→ Work instruction:
Images within the entries are to be omitted; the remainder must be reproduced exactly.

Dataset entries
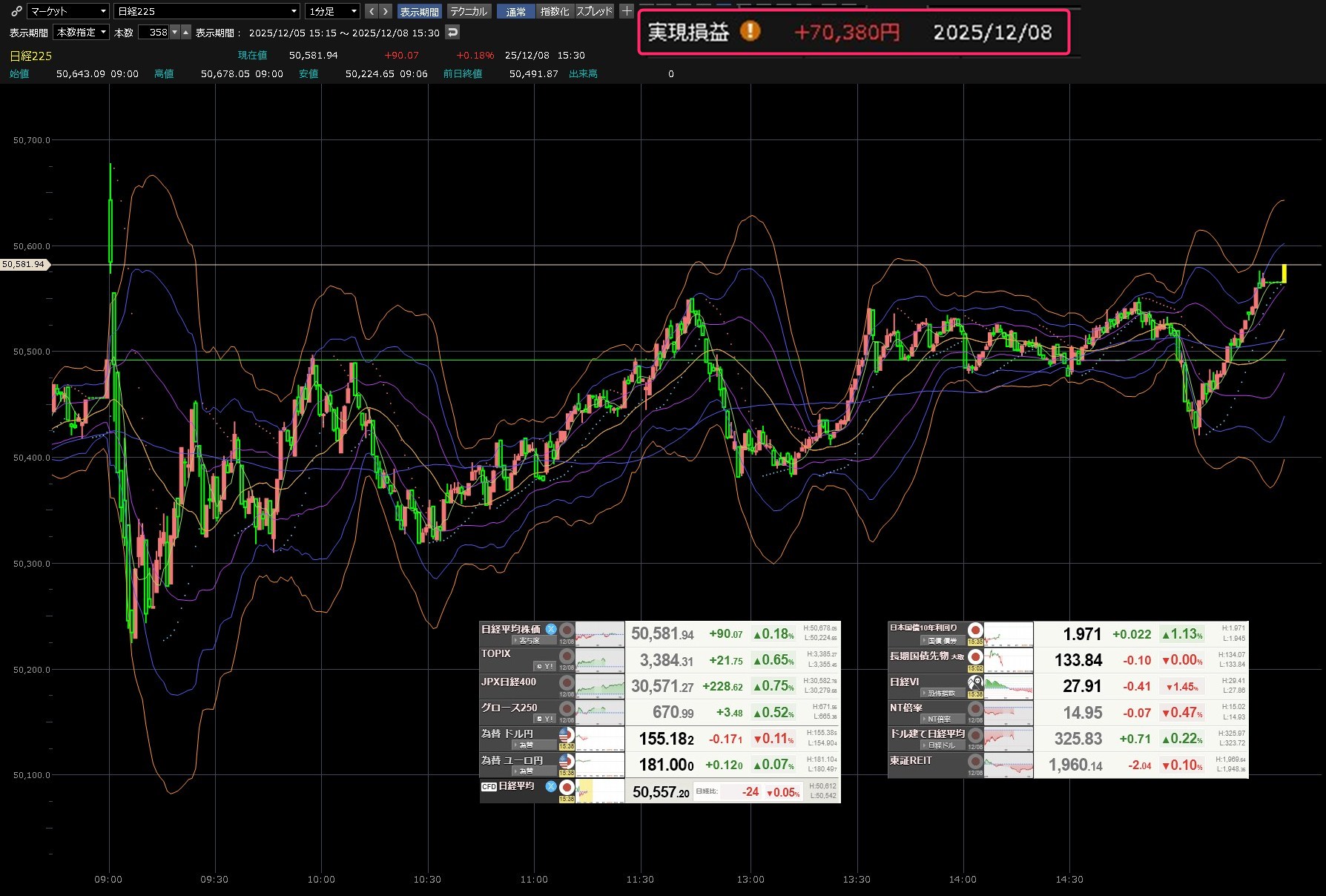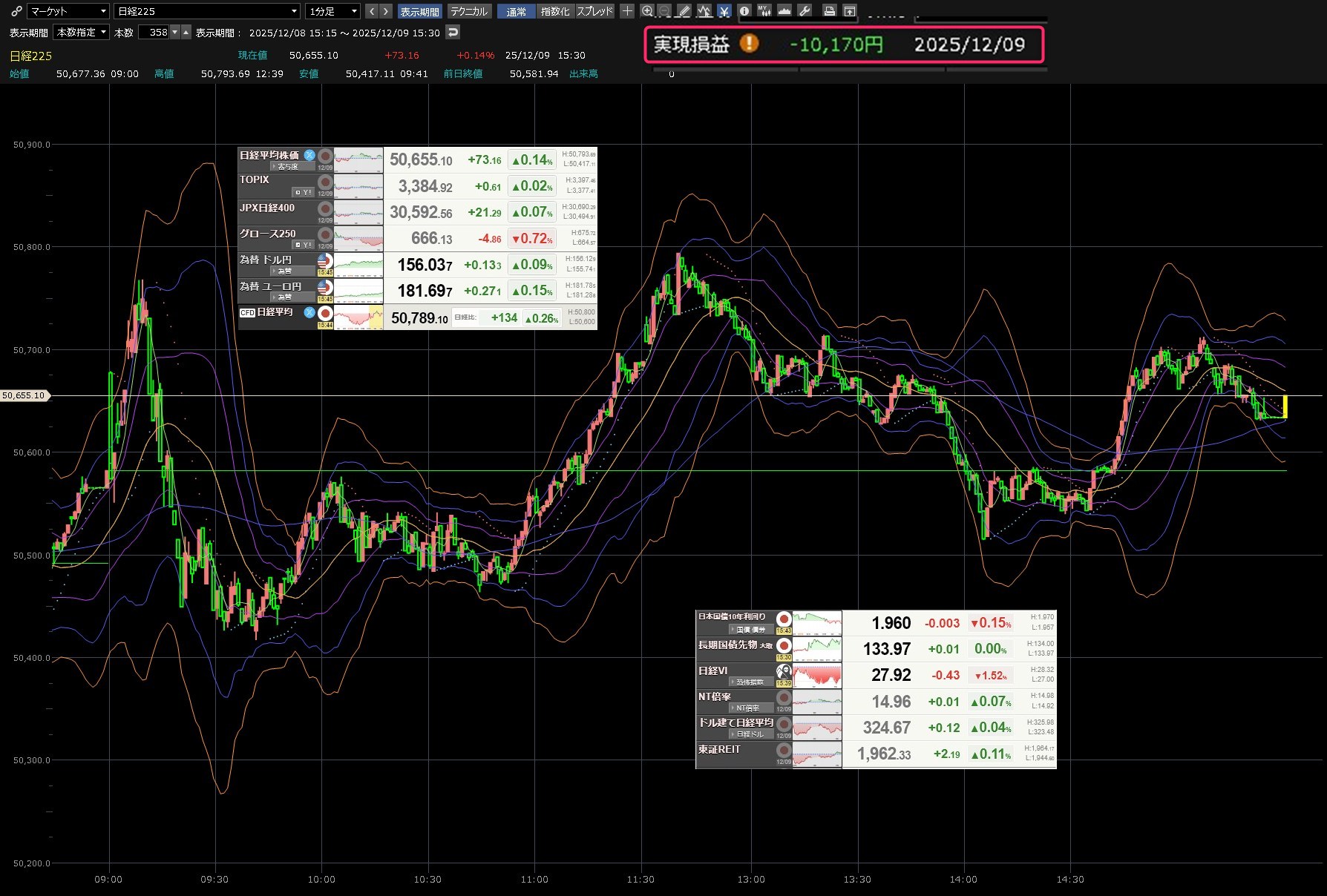 本日のデイトレ結果と日経平均の1分足は以下のとおりです。
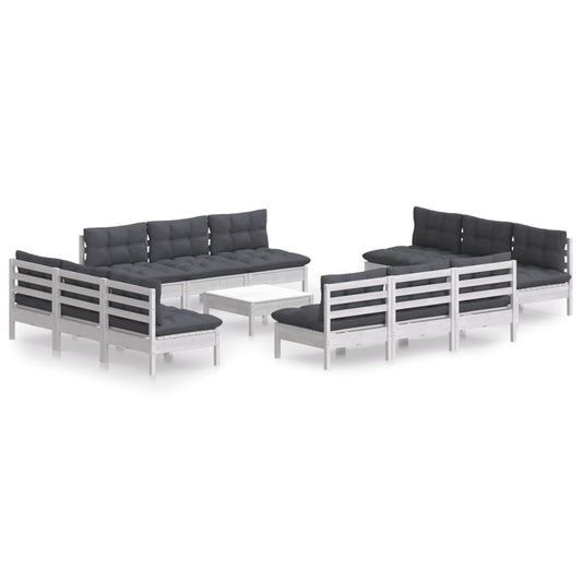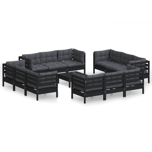 13-tlg. Garten-Lounge-Set mit Anthrazit Kissen Kiefernholz
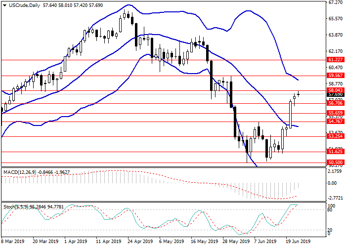 本周初,油价离开周五刷新的局部高点,回到跌势。油价下跌的原因是:在全球经济放缓和某些地区紧张局势加剧的背景下,石油产品需求低。紧张局势尤其指的是美伊冲突,在美国无人机在波斯湾被击落后,冲突加剧。且中美之间的冲突仍未解决。不过,投资者对本周末在日本举行的G20峰会上特朗普和习近平会晤抱有很高的期望。
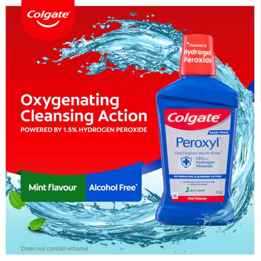 Colgate Peroxyl Oral Hygiene Mouth Rinse Mouthwash Mild Mint is a ready-mixed oral cleanser with oxygenating cleansing action. Rapid release of oxygen and non-staining. Alcohol free (does not contain ethanol). Oxygenating cleansing action powered by 1.5% w/v Hydrogen Peroxide.
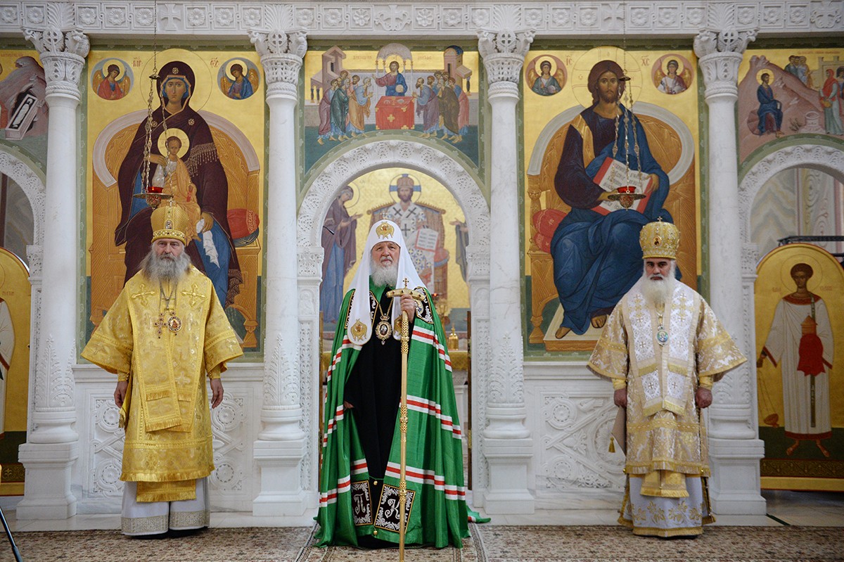 После сугубой ектении Предстоятель Русской Православной Церкви вознес молитву о мире на Украине.
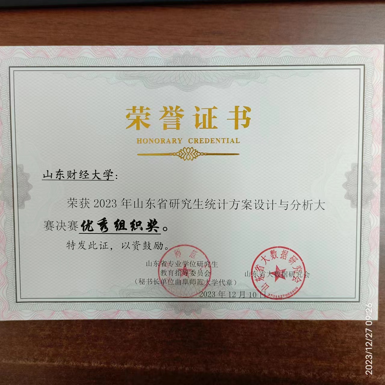 近日,2023年山东省研究生统计方案设计与分析大赛决赛在曲阜师范大学落下帷幕,鱼乐达人网页版 参赛研究生团队获得一等奖3项、二等奖2项、三等奖7项,杨冬梅、刘爱芹、孔凡超、万道侠四位老师荣获优秀指导教师称号,山东财经大学获颁优秀组织单位奖。
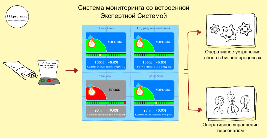 Чтобы постоянно быть в курсе удовлетворенности клиентов, не обязательно постоянно наблюдать за значениями ОКО. В состав Кнопки Лояльности входит удобная система оповещения, которая будет автоматически уведомлять вас всякий раз, когда удовлетворенность клиентов станет ниже определенного ТИПОВОГО значения. (Снижение удовлетворенности клиентов в какой-либо точке обслуживания или регионе ниже типового значения для данной точки следует рассматривать как инцидент).
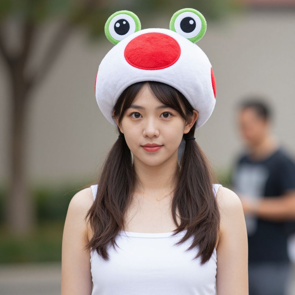 Photograph of an Asian woman with light skin and long, dark brown hair in pigtails, wearing a white, sleeveless dress and a whimsical hat resembling a mushroom with a red nose, green eyes, and white cap. The background is slightly blurred, featuring a man in a black shirt and greenery. The woman's expression is neutral, and the image has a soft focus, emphasizing the hat's playful design. The setting appears to be an outdoor urban area.
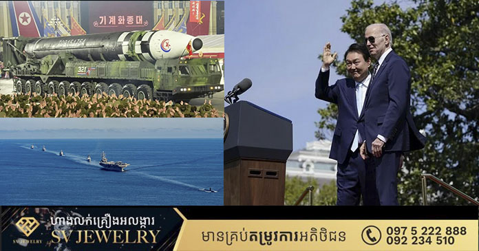 រដ្ឋធានីវ៉ាស៊ីនតោន៖ ប្រធានាធិបតីសហរដ្ឋអាមេរិក និង កូរ៉េខាងត្បូង កាលពីថ្ងៃពុធ បានបង្ហាញ អំពីផែនការថ្មី ដើម្បីប្រឈមមុខនឹងការគំរាមកំហែង អំពីអាវុធមហាប្រល័យលោករបស់កូរ៉ខាងជើង ស្របពេលក្រុងវ៉ាស៊ីនតោន ចេញការព្រមាន អំពីការបញ្ចប់នូវរបបគ្រប់គ្រង នៅក្នុងតីក្រុងព្យុងយ៉ាង ប្រសិនបើមានការវាយប្រហារ មកលើសម្ពន្ធមិត្តរបស់ខ្លួន។
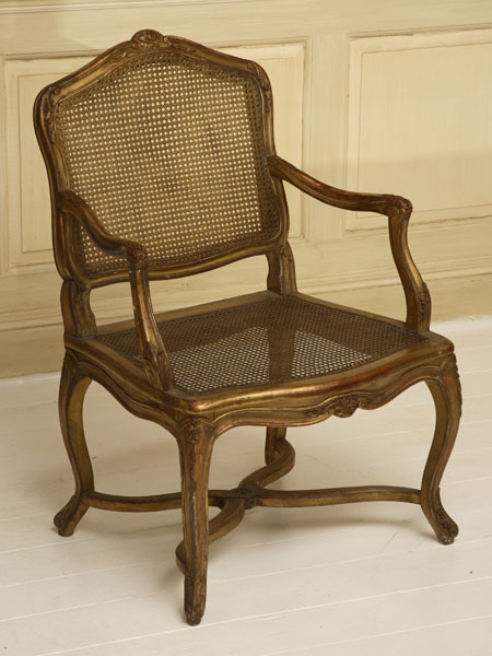 the cane filled cartouche shaped back and serpentine seat, in acanthus carved moulded frame, on cabriole legs joined by an X-stretcher

→ Response to the exercise:
 本日のデイトレ結果と日経平均の1分足は以下のとおりです。
 13-tlg. Garten-Lounge-Set mit Anthrazit Kissen Kiefernholz
 本周初,油价离开周五刷新的局部高点,回到跌势。油价下跌的原因是:在全球经济放缓和某些地区紧张局势加剧的背景下,石油产品需求低。紧张局势尤其指的是美伊冲突,在美国无人机在波斯湾被击落后,冲突加剧。且中美之间的冲突仍未解决。不过,投资者对本周末在日本举行的G20峰会上特朗普和习近平会晤抱有很高的期望。
 Colgate Peroxyl Oral Hygiene Mouth Rinse Mouthwash Mild Mint is a ready-mixed oral cleanser with oxygenating cleansing action. Rapid release of oxygen and non-staining. Alcohol free (does not contain ethanol). Oxygenating cleansing action powered by 1.5% w/v Hydrogen Peroxide.
 После сугубой ектении Предстоятель Русской Православной Церкви вознес молитву о мире на Украине.
 近日,2023年山东省研究生统计方案设计与分析大赛决赛在曲阜师范大学落下帷幕,鱼乐达人网页版 参赛研究生团队获得一等奖3项、二等奖2项、三等奖7项,杨冬梅、刘爱芹、孔凡超、万道侠四位老师荣获优秀指导教师称号,山东财经大学获颁优秀组织单位奖。
 Чтобы постоянно быть в курсе удовлетворенности клиентов, не обязательно постоянно наблюдать за значениями ОКО. В состав Кнопки Лояльности входит удобная система оповещения, которая будет автоматически уведомлять вас всякий раз, когда удовлетворенность клиентов станет ниже определенного ТИПОВОГО значения. (Снижение удовлетворенности клиентов в какой-либо точке обслуживания или регионе ниже типового значения для данной точки следует рассматривать как инцидент).
 Photograph of an Asian woman with light skin and long, dark brown hair in pigtails, wearing a white, sleeveless dress and a whimsical hat resembling a mushroom with a red nose, green eyes, and white cap. The background is slightly blurred, featuring a man in a black shirt and greenery. The woman's expression is neutral, and the image has a soft focus, emphasizing the hat's playful design. The setting appears to be an outdoor urban area.
 រដ្ឋធានីវ៉ាស៊ីនតោន៖ ប្រធានាធិបតីសហរដ្ឋអាមេរិក និង កូរ៉េខាងត្បូង កាលពីថ្ងៃពុធ បានបង្ហាញ អំពីផែនការថ្មី ដើម្បីប្រឈមមុខនឹងការគំរាមកំហែង អំពីអាវុធមហាប្រល័យលោករបស់កូរ៉ខាងជើង ស្របពេលក្រុងវ៉ាស៊ីនតោន ចេញការព្រមាន អំពីការបញ្ចប់នូវរបបគ្រប់គ្រង នៅក្នុងតីក្រុងព្យុងយ៉ាង ប្រសិនបើមានការវាយប្រហារ មកលើសម្ពន្ធមិត្តរបស់ខ្លួន។
 the cane filled cartouche shaped back and serpentine seat, in acanthus carved moulded frame, on cabriole legs joined by an X-stretcher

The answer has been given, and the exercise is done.